Only one stretch of the listing below is wanted. Begin at the line that has "tvOnenews.com - Gubernur", stop after the line that has "オフィス35主催、勝野劇団 vol.07『太陽にほえたら』が2023年10月4日 (水)", and repeat every line in between exactly.
(DATA RECORDS)
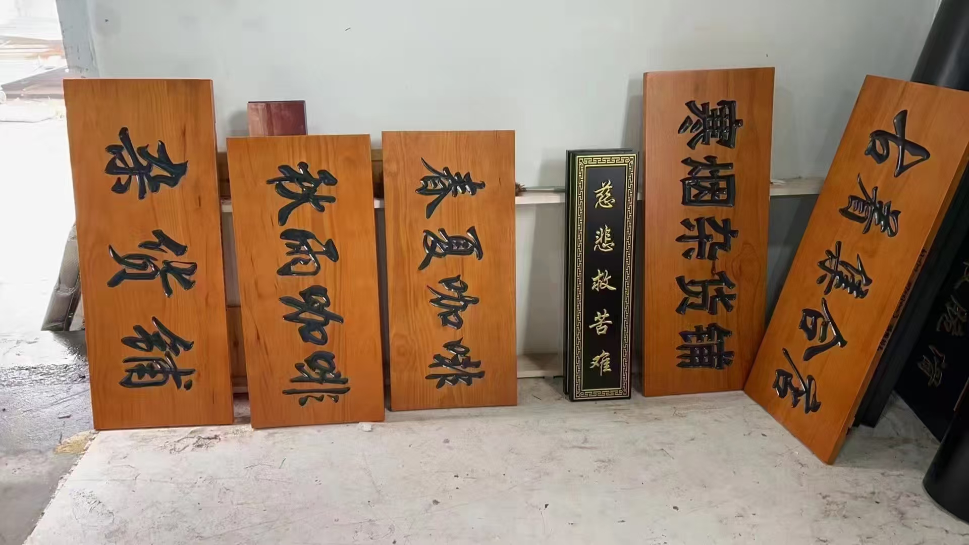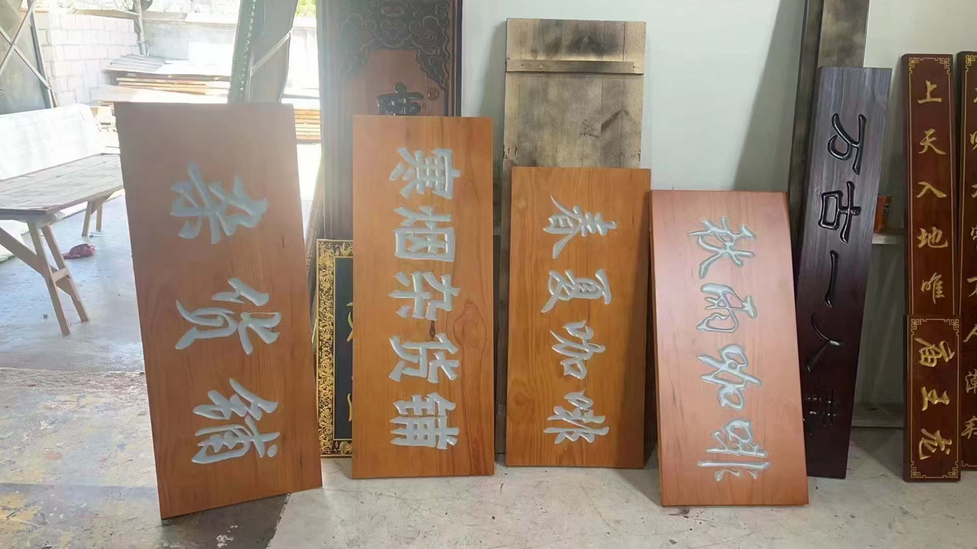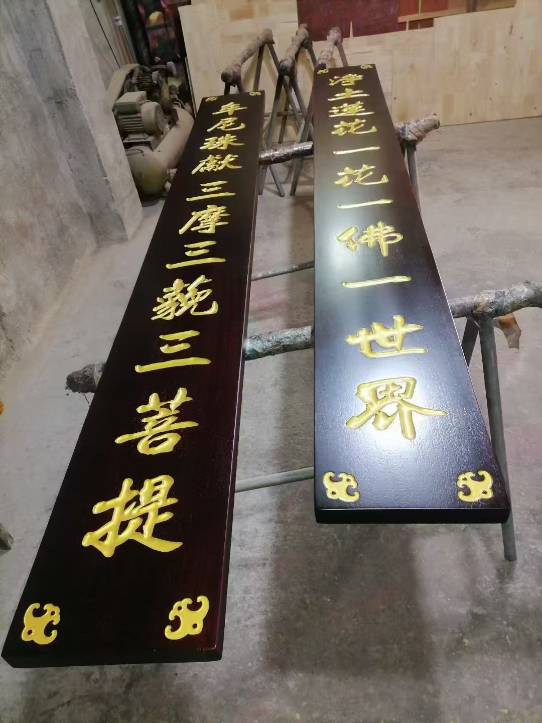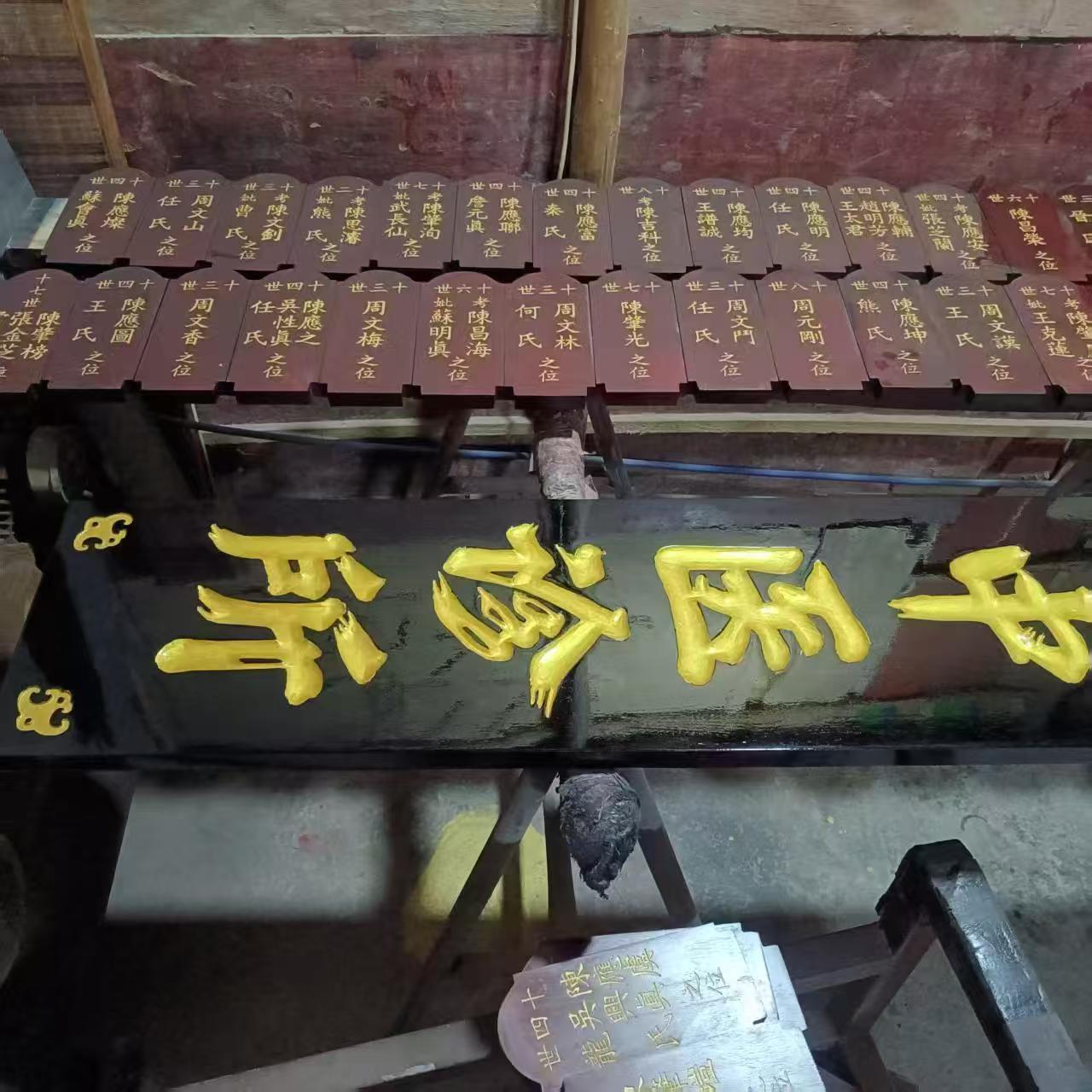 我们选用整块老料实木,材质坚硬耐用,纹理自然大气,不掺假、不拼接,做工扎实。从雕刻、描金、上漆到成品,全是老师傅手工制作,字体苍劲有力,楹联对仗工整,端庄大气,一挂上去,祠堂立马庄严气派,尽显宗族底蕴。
(End DATA RECORDS)
(DATA RECORDS)
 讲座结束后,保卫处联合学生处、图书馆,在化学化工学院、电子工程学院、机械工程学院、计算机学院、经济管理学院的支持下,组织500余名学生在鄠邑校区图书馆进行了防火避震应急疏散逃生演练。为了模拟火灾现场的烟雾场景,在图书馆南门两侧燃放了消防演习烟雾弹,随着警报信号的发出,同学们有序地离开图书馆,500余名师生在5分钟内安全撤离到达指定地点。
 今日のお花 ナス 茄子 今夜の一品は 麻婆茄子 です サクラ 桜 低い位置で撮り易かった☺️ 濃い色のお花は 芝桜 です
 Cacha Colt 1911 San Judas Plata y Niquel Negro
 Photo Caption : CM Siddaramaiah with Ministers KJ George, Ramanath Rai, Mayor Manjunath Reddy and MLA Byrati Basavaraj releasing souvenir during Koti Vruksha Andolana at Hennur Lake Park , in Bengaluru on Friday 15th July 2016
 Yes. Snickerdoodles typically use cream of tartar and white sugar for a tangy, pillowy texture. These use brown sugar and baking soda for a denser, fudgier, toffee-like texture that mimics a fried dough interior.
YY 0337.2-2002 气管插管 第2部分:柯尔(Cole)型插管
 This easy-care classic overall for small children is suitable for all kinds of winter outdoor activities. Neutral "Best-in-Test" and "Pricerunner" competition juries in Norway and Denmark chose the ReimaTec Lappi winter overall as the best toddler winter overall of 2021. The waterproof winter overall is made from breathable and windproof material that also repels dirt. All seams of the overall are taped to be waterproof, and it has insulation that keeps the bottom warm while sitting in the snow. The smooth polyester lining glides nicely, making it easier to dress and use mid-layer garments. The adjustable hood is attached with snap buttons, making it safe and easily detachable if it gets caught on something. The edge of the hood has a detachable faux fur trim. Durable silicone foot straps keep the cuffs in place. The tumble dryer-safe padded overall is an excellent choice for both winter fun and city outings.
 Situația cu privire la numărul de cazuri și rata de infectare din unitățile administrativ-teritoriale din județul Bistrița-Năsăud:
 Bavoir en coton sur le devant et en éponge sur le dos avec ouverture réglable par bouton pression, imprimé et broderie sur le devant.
(End DATA RECORDS)
(DATA RECORDS)
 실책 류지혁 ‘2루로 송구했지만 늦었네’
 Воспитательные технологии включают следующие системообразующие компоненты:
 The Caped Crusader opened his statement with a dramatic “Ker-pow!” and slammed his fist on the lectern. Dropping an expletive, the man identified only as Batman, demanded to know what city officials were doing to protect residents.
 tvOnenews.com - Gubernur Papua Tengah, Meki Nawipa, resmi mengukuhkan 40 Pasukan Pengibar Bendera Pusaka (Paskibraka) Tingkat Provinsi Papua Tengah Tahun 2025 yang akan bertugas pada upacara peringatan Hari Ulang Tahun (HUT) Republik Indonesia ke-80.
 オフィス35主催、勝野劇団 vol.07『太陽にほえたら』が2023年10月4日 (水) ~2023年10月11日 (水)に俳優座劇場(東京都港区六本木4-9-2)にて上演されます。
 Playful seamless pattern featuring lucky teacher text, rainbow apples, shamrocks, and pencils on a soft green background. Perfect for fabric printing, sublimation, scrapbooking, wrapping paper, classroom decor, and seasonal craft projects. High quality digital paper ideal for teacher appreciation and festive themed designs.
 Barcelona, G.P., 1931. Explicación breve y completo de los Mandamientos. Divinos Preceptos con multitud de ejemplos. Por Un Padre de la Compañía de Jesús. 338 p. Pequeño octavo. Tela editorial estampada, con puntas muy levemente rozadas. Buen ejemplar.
(End DATA RECORDS)
▸ WRITTEN SOLUTION
 tvOnenews.com - Gubernur Papua Tengah, Meki Nawipa, resmi mengukuhkan 40 Pasukan Pengibar Bendera Pusaka (Paskibraka) Tingkat Provinsi Papua Tengah Tahun 2025 yang akan bertugas pada upacara peringatan Hari Ulang Tahun (HUT) Republik Indonesia ke-80.
 オフィス35主催、勝野劇団 vol.07『太陽にほえたら』が2023年10月4日 (水) ~2023年10月11日 (水)に俳優座劇場(東京都港区六本木4-9-2)にて上演されます。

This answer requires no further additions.